Material shown –

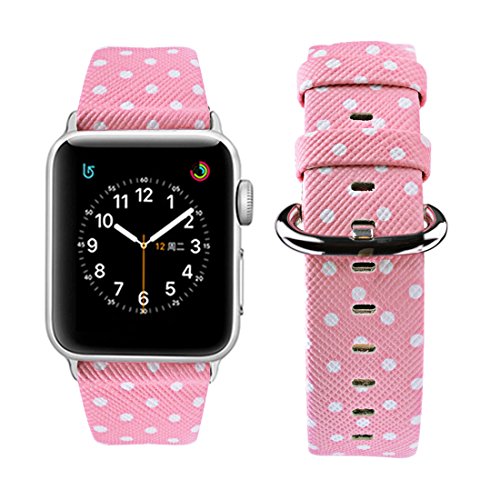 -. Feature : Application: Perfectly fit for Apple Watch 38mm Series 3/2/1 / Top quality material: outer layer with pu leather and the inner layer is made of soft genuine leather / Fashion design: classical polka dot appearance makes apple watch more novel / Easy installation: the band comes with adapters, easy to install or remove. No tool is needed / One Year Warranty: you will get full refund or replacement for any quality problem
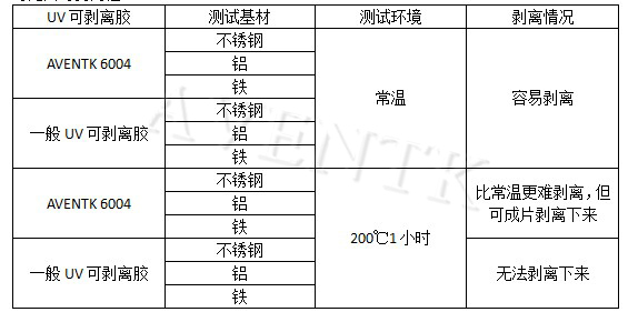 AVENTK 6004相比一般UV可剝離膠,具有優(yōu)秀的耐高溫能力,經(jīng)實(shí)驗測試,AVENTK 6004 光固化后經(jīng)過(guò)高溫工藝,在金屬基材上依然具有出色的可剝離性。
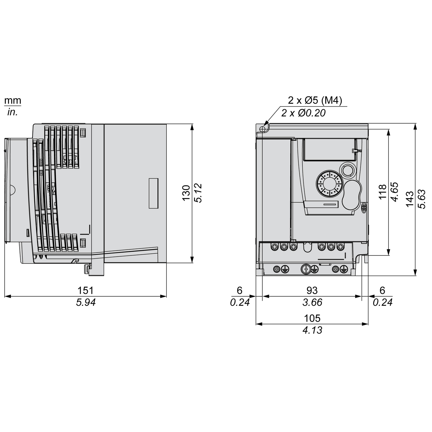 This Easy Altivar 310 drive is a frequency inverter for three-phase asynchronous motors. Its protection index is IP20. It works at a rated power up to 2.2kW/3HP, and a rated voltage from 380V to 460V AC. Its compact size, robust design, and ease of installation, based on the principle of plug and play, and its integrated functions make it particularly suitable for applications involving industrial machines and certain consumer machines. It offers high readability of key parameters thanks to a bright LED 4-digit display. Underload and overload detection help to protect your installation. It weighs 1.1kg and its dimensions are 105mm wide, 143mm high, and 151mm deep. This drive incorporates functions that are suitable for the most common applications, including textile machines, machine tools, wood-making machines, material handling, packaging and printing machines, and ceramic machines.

--

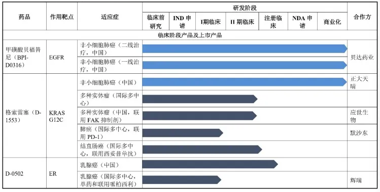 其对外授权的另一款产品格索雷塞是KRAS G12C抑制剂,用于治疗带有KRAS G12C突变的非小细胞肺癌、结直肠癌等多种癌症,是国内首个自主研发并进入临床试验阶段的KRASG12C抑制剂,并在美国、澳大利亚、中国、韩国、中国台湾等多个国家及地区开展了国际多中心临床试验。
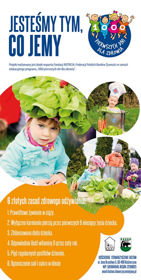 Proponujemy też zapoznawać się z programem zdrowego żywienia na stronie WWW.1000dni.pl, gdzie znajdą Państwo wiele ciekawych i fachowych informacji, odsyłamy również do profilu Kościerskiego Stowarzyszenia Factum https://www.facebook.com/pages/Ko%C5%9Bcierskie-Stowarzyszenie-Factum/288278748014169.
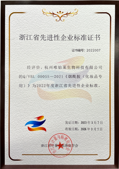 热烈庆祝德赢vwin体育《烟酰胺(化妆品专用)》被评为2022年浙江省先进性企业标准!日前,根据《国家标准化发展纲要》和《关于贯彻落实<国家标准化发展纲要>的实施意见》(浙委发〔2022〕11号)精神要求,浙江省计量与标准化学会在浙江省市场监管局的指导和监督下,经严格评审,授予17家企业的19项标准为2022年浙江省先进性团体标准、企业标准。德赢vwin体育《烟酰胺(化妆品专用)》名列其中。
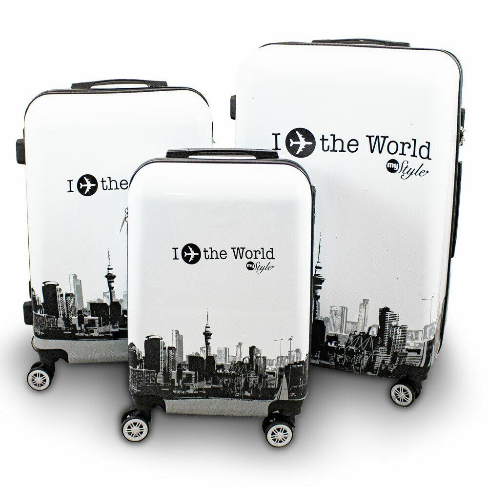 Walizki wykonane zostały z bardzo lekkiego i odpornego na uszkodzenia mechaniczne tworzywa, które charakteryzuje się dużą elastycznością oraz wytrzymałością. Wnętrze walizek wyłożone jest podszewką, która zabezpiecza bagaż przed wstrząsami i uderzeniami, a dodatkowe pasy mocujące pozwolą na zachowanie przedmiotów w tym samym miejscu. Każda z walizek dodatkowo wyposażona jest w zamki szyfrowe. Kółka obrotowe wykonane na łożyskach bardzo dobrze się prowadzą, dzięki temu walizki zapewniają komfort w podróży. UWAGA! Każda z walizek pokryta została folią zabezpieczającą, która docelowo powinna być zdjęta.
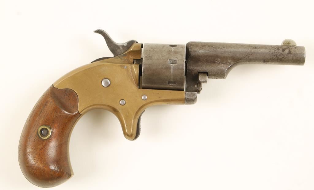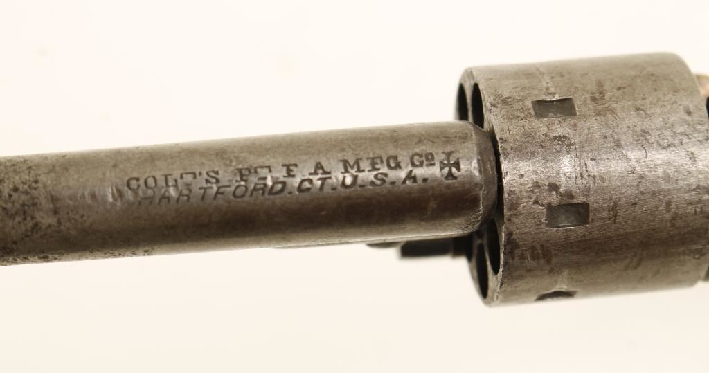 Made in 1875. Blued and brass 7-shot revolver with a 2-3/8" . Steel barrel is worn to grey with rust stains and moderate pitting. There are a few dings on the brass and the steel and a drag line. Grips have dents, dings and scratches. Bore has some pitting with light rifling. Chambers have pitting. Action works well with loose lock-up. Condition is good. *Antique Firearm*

---

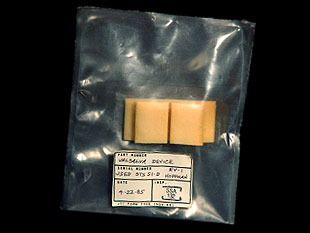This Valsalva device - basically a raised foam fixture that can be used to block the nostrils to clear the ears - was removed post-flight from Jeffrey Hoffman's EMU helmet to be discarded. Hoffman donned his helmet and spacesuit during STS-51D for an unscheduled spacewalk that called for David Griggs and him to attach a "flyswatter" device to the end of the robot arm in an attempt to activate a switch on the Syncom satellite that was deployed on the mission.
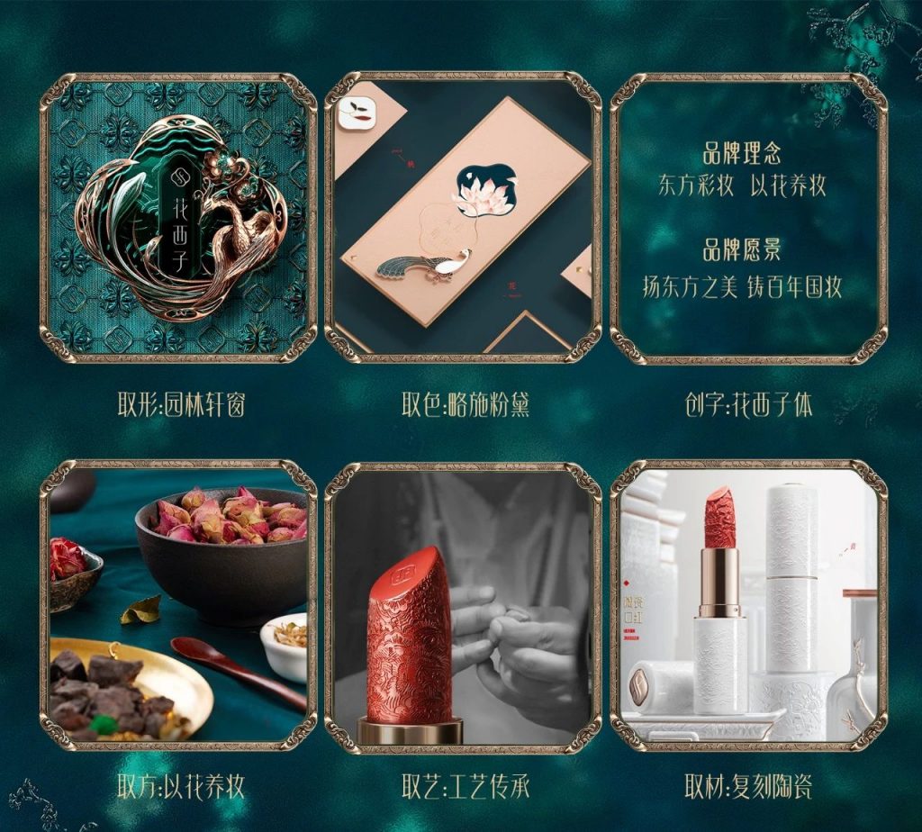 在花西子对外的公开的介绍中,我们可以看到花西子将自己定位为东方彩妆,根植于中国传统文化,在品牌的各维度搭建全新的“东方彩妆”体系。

Your goal – With the pictures removed from your copy, retype the lines above from the one that contains "This Valsalva device" through the one that contains "在花西子对外的公开的介绍中,我们可以看到", exactly.

Response –
This Valsalva device - basically a raised foam fixture that can be used to block the nostrils to clear the ears - was removed post-flight from Jeffrey Hoffman's EMU helmet to be discarded. Hoffman donned his helmet and spacesuit during STS-51D for an unscheduled spacewalk that called for David Griggs and him to attach a "flyswatter" device to the end of the robot arm in an attempt to activate a switch on the Syncom satellite that was deployed on the mission.
 在花西子对外的公开的介绍中,我们可以看到花西子将自己定位为东方彩妆,根植于中国传统文化,在品牌的各维度搭建全新的“东方彩妆”体系。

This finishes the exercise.